L’enjeu civilisationnel de l’histoire de l’Espagne
Outre le fait qu’elle révèle un rapport de force entre un monde musulman en plein retour du religieux et un Occident confronté à une crise civilisationnelle de grande ampleur, ce débat autour du passé témoigne aussi de la volonté de revanche historique d’un monde qui fut, après les succès foudroyants de son expansion initiale, dominé lors des Croisades ou lors de l’expansion coloniale européenne, ces différents éléments se combinant pour entretenir la culpabilisation d’une Europe jadis dominante mais invitée aujourd’hui aux repentances nécessaires.
La confrontation entre l’Occident et l’Islam redevenu une religion conquérante représente certes l’un des paramètres majeurs d’interprétation de ce début du XXIe siècle mais il ne suffit pas pour rendre compte de l’entreprise idéologique qui vise à imposer une réécriture de l’Histoire espagnole. Il s’agit aussi en effet de remettre en cause une histoire perçue comme le support indispensable à un sentiment national dont le réveil est susceptible de compromettre l’avènement d’une société marchande mondialisée, projet utopique dont la réalisation pourrait être compromise par le réveil des peuples et des nations historiques.

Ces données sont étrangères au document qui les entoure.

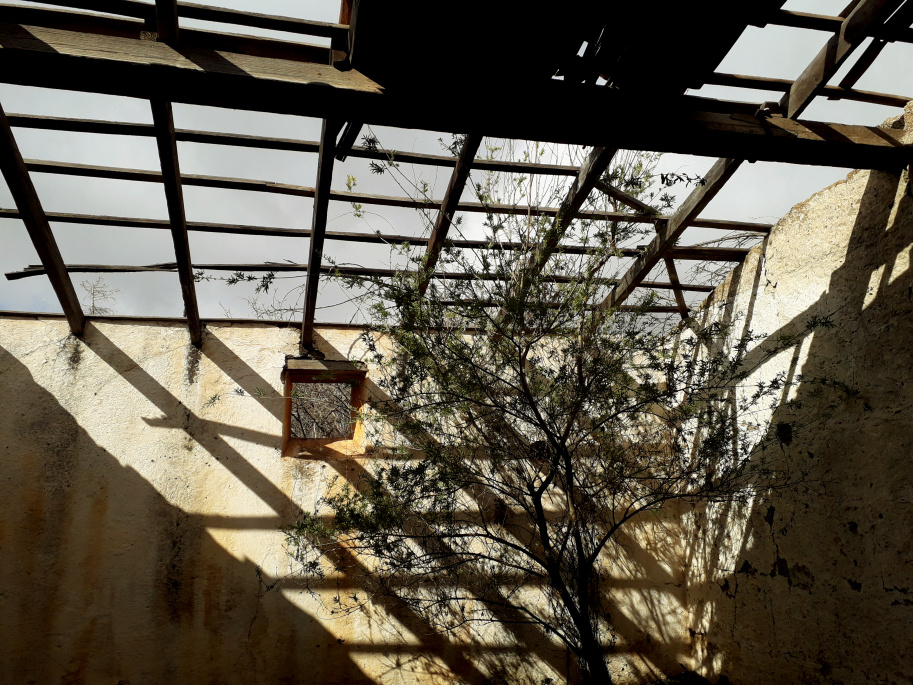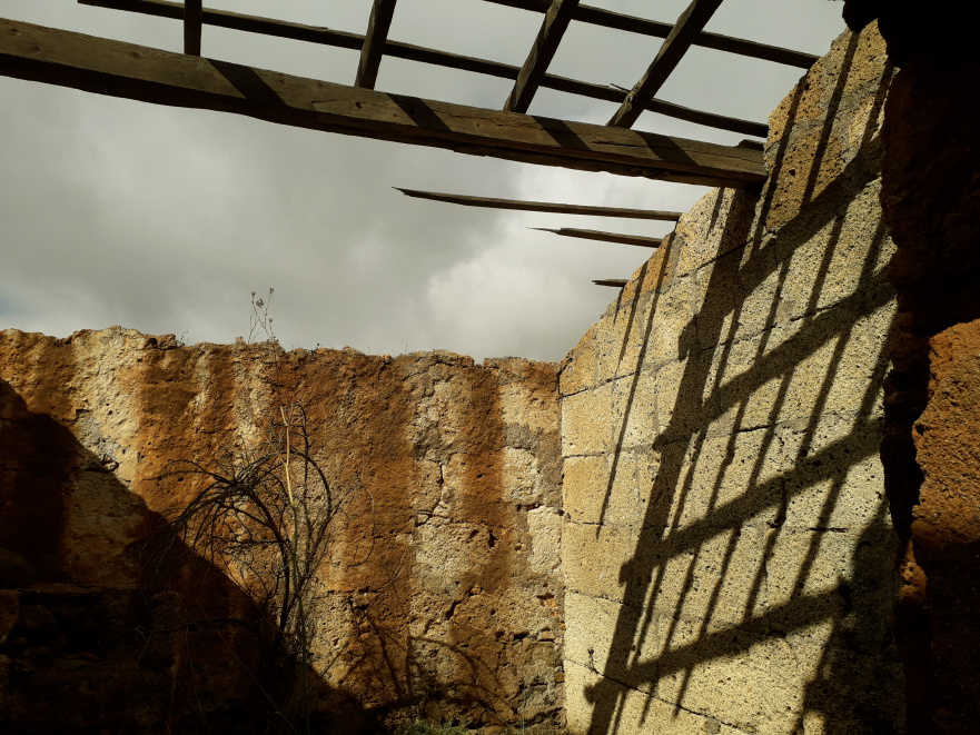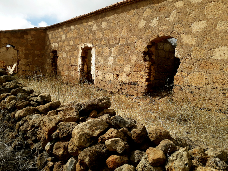 Der weitere Aufstieg ist eindeutig und weiterhin steinig. Man kommt an einem verfallenen Haus vorbei. Gegenüber liegt ein kleiner Dreschplatz, ein Zeichen dafür, dass früher einmal hier Getreide angebaut wurde.

Le déni du réel, le mensonge, l’oubli des faits ou l’anachronisme peuvent ainsi être mis au service d’une histoire épurée de tout ce qui est susceptible de compromettre la construction d’une idéologie censée accompagner l’avènement d’un monde postmoderne promis aux nouveaux « lendemains qui chantent » du no border et de l’universalisme humanitariste, conditions nécessaires à la formation d’un monde meilleur, fondé sur l’émergence d’une Humanité débarrassée du tragique et des déterminismes nés de l’Histoire, et invitée à oublier les différences et les particularités qui font la richesse du monde et ont contribué à la formation des diverses civilisations humaines.
Le combat pour l’Histoire est de ce point de vue plus nécessaire que jamais et le débat ouvert à propos de la réalité d’al-Andalus apparaît comme un cas d’école. Il nous reste à produire une histoire impartiale, débarrassée des oukases moralisateurs de l’idéologie dominante, en vue de la construction d’une vision des choses permettant, en ce début incertain du XXIe siècle, de définir clairement notre identité et de penser au plus juste l’altérité des autres.
Tout cela pour permettre l’émergence d’une véritable coexistence des civilisations, fondée sur une connaissance exigeante de l’histoire et sur un projet préservant les identités des grandes cultures historiques qui demeurent les socles sur lesquels il sera possible de construire un modèle en mesure de surmonter les antagonismes hérités des diverses civilisations et de faire valoir le meilleur de leurs passés respectifs.
Philippe Conrad, historien, auteur d’une Histoire de la Reconquista publiée aux Presses Universitaires de France (1998), est le président de l’Institut ILIADE et de l’Association pour l’Histoire (APH).